Tartus, 20 may (SANA) La isla siria de Arwad, situada frente a las costas de Tartus, mantiene viva una de las profesiones marítimas más antiguas del mundo: la construcción tradicional de barcos de madera, un legado heredado de la civilización fenicia hace más de 2.500 años.
En los talleres dispersos a lo largo de la isla todavía resuenan los martillos sobre la madera y persiste el aroma característico de los astilleros artesanales, donde generaciones de familias continúan preservando técnicas manuales transmitidas de padres a hijos.

Tras años de declive provocados por la guerra y las dificultades económicas, este oficio experimenta hoy una recuperación gradual que devuelve las esperanzas a los artesanos y habitantes de la costa siria.
Renace una industria histórica
La construcción naval tradicional en Siria se concentra principalmente en Arwad y en el puerto pesquero y turístico de Latakia, en el oeste del país, donde numerosas familias mantienen viva esta actividad considerada parte esencial de la identidad económica y cultural de la región.
Durante décadas, los talleres sirios fabricaron y exportaron barcos de carga y yates de madera hacia países árabes y extranjeros, entre ellos Arabia Saudita, Egipto, Türkiye y Chipre, gracias a la calidad de las embarcaciones y a sus precios competitivos.
El proceso de fabricación comienza con la instalación de la quilla, considerada la columna vertebral del barco, seguida por el ensamblaje de las costillas de madera mediante materiales resistentes como eucalipto, morera y pino.

Posteriormente, las embarcaciones reciben pintura y acabados finales, aunque las nuevas exigencias del mercado impulsaron la incorporación de hierro y fibra de vidrio en algunos diseños.
Artesanos preservan la tradición
Khaled Bahlawan, constructor naval de Arwad con 25 años de experiencia, afirmó en declaraciones a SANA que heredó el oficio de su padre y espera transmitirlo a sus hijos.

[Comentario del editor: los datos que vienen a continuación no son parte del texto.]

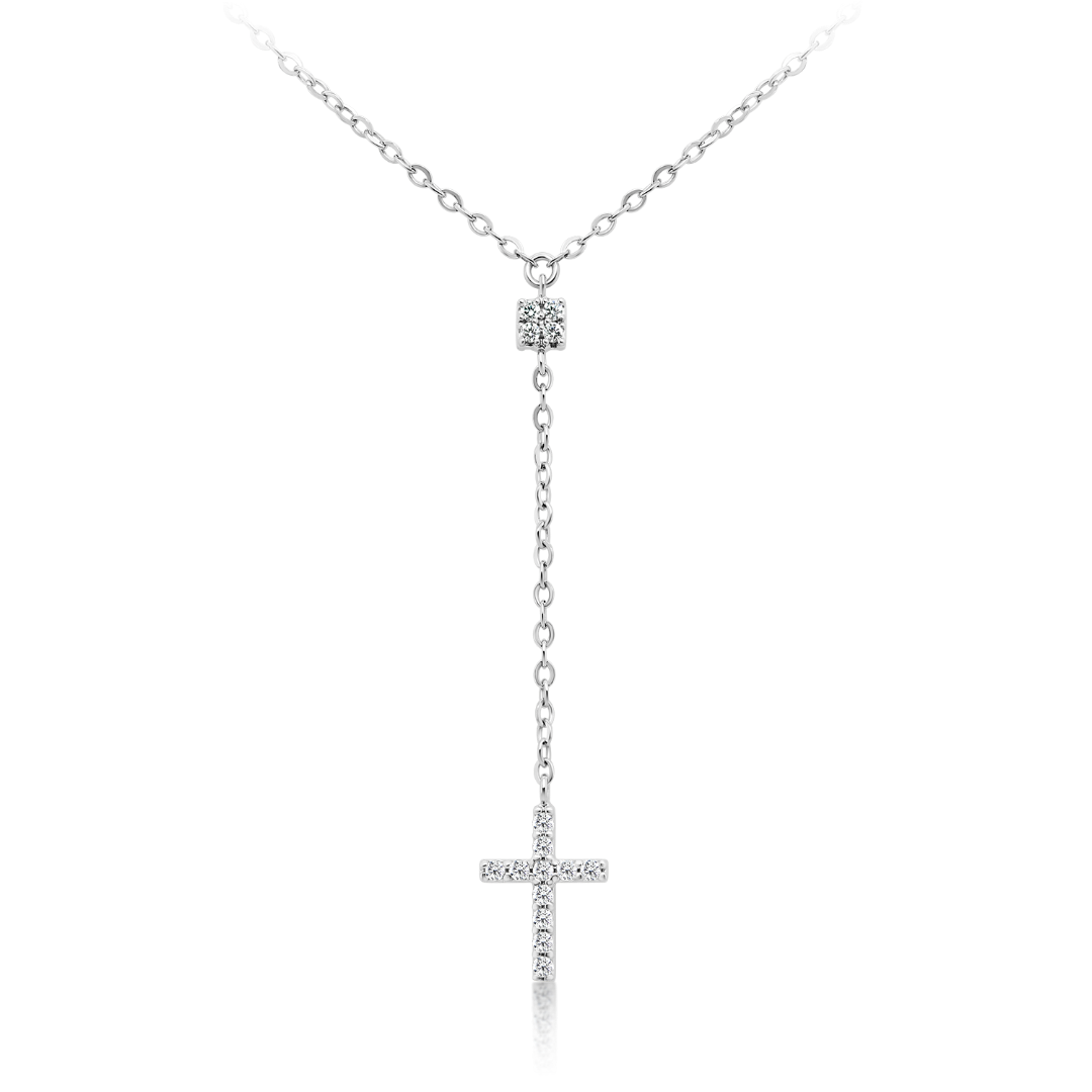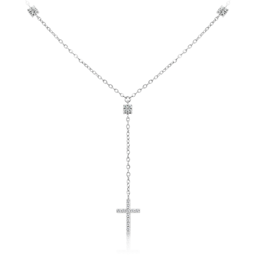 Lanț cu pandantiv din aur alb de 14K cu pietre cubic zirconia.

“Forma parte de la historia y de la identidad de la isla”, expresó el artesano, quien recordó las dificultades enfrentadas durante años para conseguir madera, motores y equipos, además de las restricciones relacionadas con el trabajo y las exportaciones.
Según explicó, las condiciones comenzaron a mejorar recientemente gracias a mayores facilidades otorgadas por las autoridades competentes.

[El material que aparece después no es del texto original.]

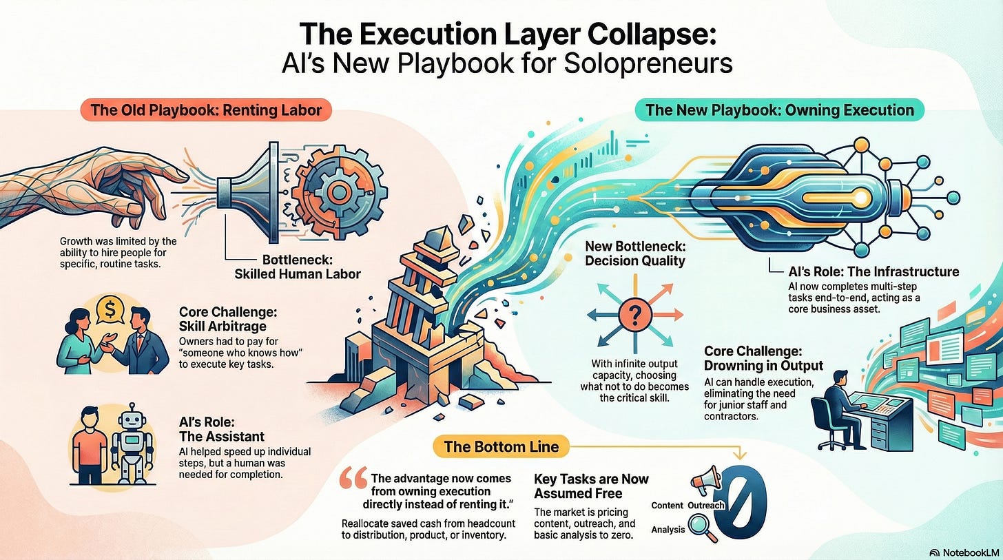 This week marked a quiet but decisive shift: AI is no longer just accelerating work, it is collapsing entire paid execution layers that solopreneurs historically outsourced. The baseline for what one person can ship alone just jumped again. With huge societal implications, anyone still buying human labor for routine execution is now structurally overpaying.

Por su parte, Mohammed Bahlawan señaló que la introducción de maquinaria moderna permitió acelerar determinadas etapas de producción, aunque precisó que la construcción de una embarcación todavía requiere entre dos y seis meses, dependiendo del tamaño y el equipamiento.

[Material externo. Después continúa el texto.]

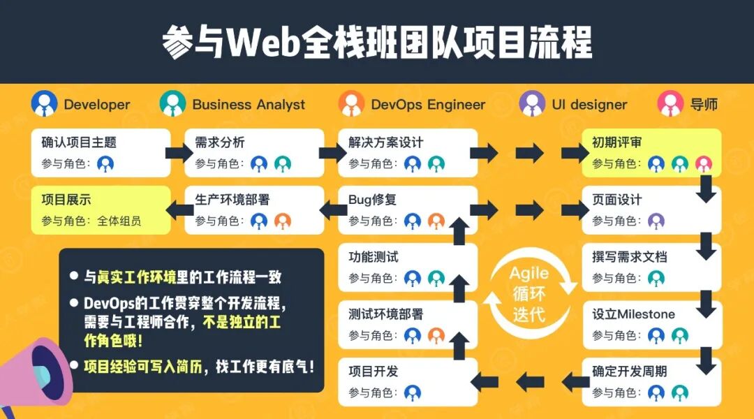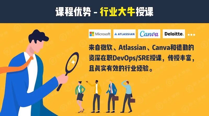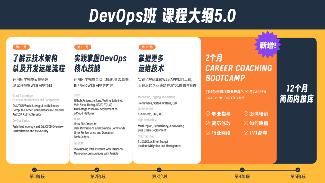 有众多一线大厂导师授课,3+2+12的模式助力你的 DevOps之路。通过3 个月的课程学习、2 个项目实战、12个月的内推简历库,DevOps项目训练营将带你学会通过持续集成和持续交付(CI/CD),容器化 Containerization,系统语言 Linux 等知识,来帮助 Agile 开发流程下的互联网产品进行持续更新和版本上线。

Fuente de empleo y patrimonio cultural
Los constructores navales destacan que esta actividad no solo genera empleo para carpinteros, sino también para trabajadores vinculados a la herrería, pintura, confección y mantenimiento de motores, lo que convierte al sector en una fuente de sustento para decenas de familias de la isla.

Sin embargo, el oficio continúa enfrentando importantes desafíos, entre ellos la disminución de la demanda de barcos tradicionales de madera frente a embarcaciones fabricadas con materiales modernos, además del incremento de los precios de las materias primas y la escasez de algunos suministros.
Un legado ligado a la historia de Siria
Las familias Bahlawan y Harishiya figuran entre las más reconocidas por preservar este patrimonio marítimo sirio y continuar desarrollando la fabricación de barcos y yates tradicionales que dieron notoriedad histórica a Arwad.
Los artesanos consideran que salvar esta profesión requiere apoyo real a las industrias vinculadas al patrimonio marítimo, además de fomentar las exportaciones y el turismo costero, con el propósito de garantizar la continuidad de uno de los oficios más antiguos relacionados con la historia de Siria y su vínculo con el mar desde la civilización fenicia.